TASK DESCRIPTION: Word for word, reproduce all entries below, leaving every picture out.

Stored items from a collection
____________

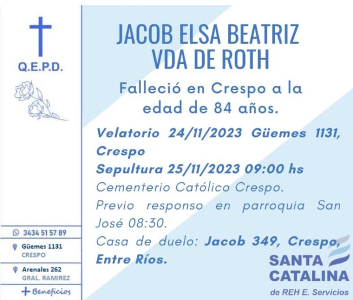 Falleció en Crespo a los 84 años, Elsa Beatriz Jacob viuda de Roth.
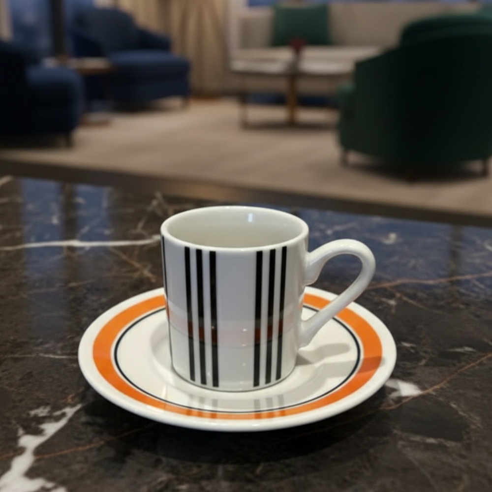 6 tasse et soucoupe fait partie Le motif vibrant et moderniste en orange, noir et blanc Un style rétro audacieux inspiré du mouvement Memphis des années 1980. Il présente des rayures verticales noires et une bande orange distinctive sur un fond blanc.
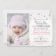 Gullig vinter-themed första födelsedaginbjudan som presenterar rosor och silversnöflingor, fauxglitterstjärnor och konfettistänk
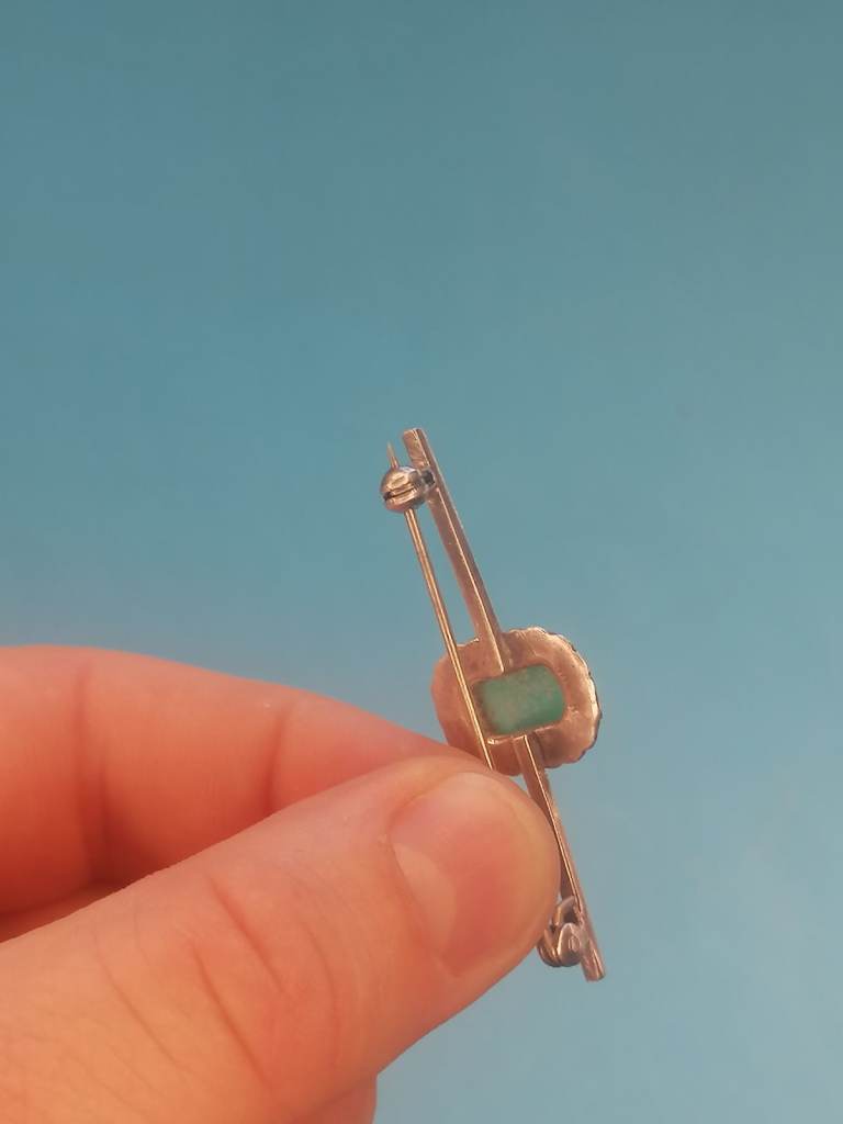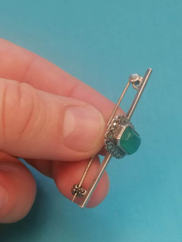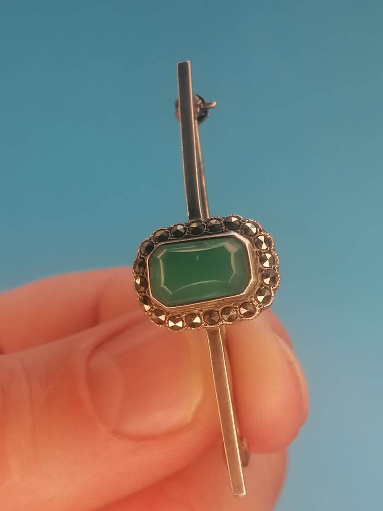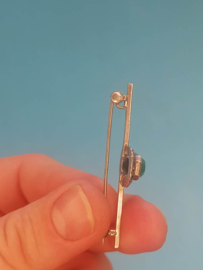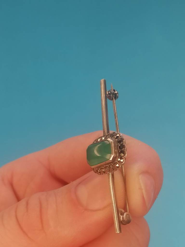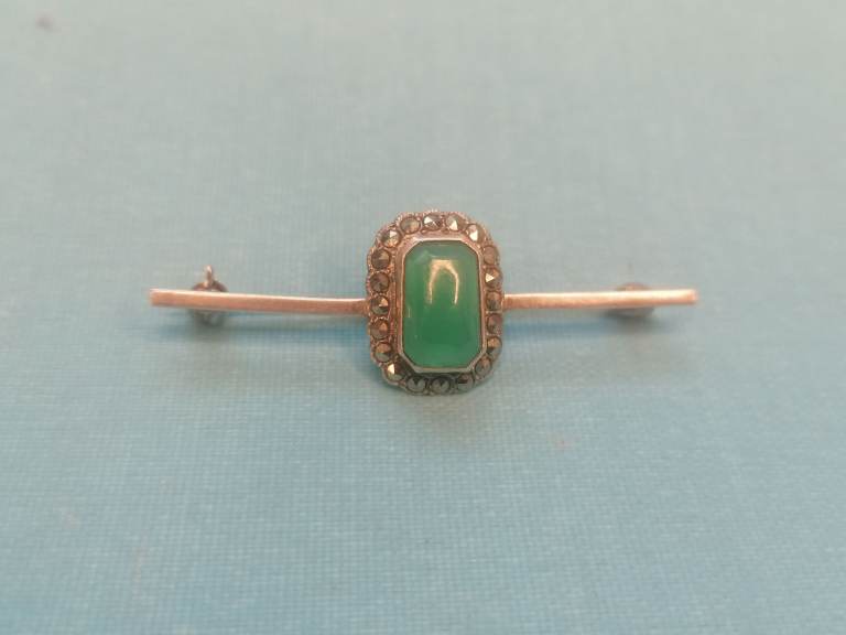 Vintage Sterling Silver 925 - Brooch With Jade Inside.. As seen.
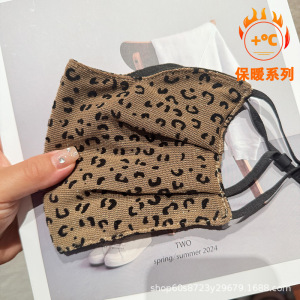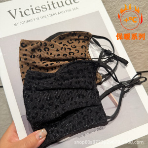 冬季加绒保暖口罩豹纹时尚大版护眼角防风防寒面罩弹力面纱高颜值
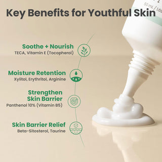 The AXIS-Y Panthenol 10 Skin Smoothing Shield Cream is a vegan-friendly moisturizer specially formulated for dry, sensitive, and stressed skin. Powered by 10% Panthenol (Provitamin B5) and TECA (Centella Asiatica extract), this cream strengthens the skin barrier, soothes irritation, and provides long-lasting hydration.
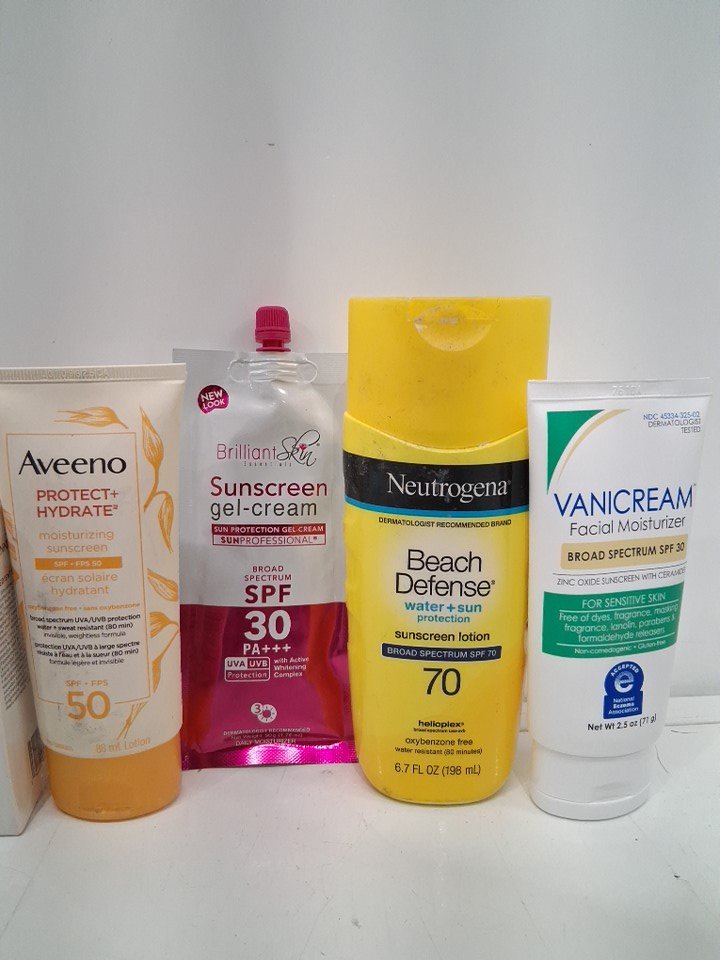 8 Assorted sunscreens products - assorted types and brands

____________

SOLUTION FOR THIS PROBLEM:
 Falleció en Crespo a los 84 años, Elsa Beatriz Jacob viuda de Roth.
 6 tasse et soucoupe fait partie Le motif vibrant et moderniste en orange, noir et blanc Un style rétro audacieux inspiré du mouvement Memphis des années 1980. Il présente des rayures verticales noires et une bande orange distinctive sur un fond blanc.
 Gullig vinter-themed första födelsedaginbjudan som presenterar rosor och silversnöflingor, fauxglitterstjärnor och konfettistänk
 Vintage Sterling Silver 925 - Brooch With Jade Inside.. As seen.
 冬季加绒保暖口罩豹纹时尚大版护眼角防风防寒面罩弹力面纱高颜值
 The AXIS-Y Panthenol 10 Skin Smoothing Shield Cream is a vegan-friendly moisturizer specially formulated for dry, sensitive, and stressed skin. Powered by 10% Panthenol (Provitamin B5) and TECA (Centella Asiatica extract), this cream strengthens the skin barrier, soothes irritation, and provides long-lasting hydration.
 8 Assorted sunscreens products - assorted types and brands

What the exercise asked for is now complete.